WORK REQUIRED →
Scan the following material for the string "control" and copy each line in which it appears.

ENTRIES SUPPLIED →
************
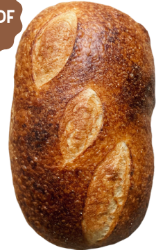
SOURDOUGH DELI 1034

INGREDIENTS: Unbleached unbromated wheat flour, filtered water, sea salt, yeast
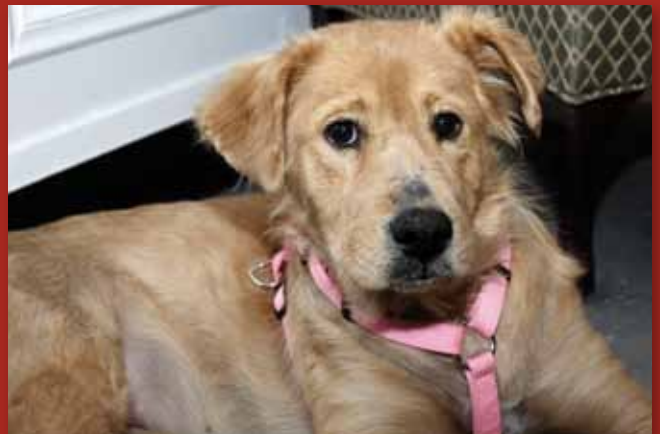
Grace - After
************
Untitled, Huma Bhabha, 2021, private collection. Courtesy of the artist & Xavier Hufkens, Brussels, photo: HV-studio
************
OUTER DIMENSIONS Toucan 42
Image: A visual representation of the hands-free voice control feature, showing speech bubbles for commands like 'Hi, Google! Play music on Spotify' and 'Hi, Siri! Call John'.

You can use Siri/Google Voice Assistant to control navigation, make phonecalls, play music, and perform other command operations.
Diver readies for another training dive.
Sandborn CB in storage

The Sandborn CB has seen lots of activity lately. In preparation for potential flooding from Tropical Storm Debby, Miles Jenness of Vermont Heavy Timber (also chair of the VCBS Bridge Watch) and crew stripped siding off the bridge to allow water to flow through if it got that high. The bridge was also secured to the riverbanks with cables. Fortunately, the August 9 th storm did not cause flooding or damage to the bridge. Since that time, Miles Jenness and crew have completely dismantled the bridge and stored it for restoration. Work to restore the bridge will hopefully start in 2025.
************
COMPLETED TASK →
Image: A visual representation of the hands-free voice control feature, showing speech bubbles for commands like 'Hi, Google! Play music on Spotify' and 'Hi, Siri! Call John'.
You can use Siri/Google Voice Assistant to control navigation, make phonecalls, play music, and perform other command operations.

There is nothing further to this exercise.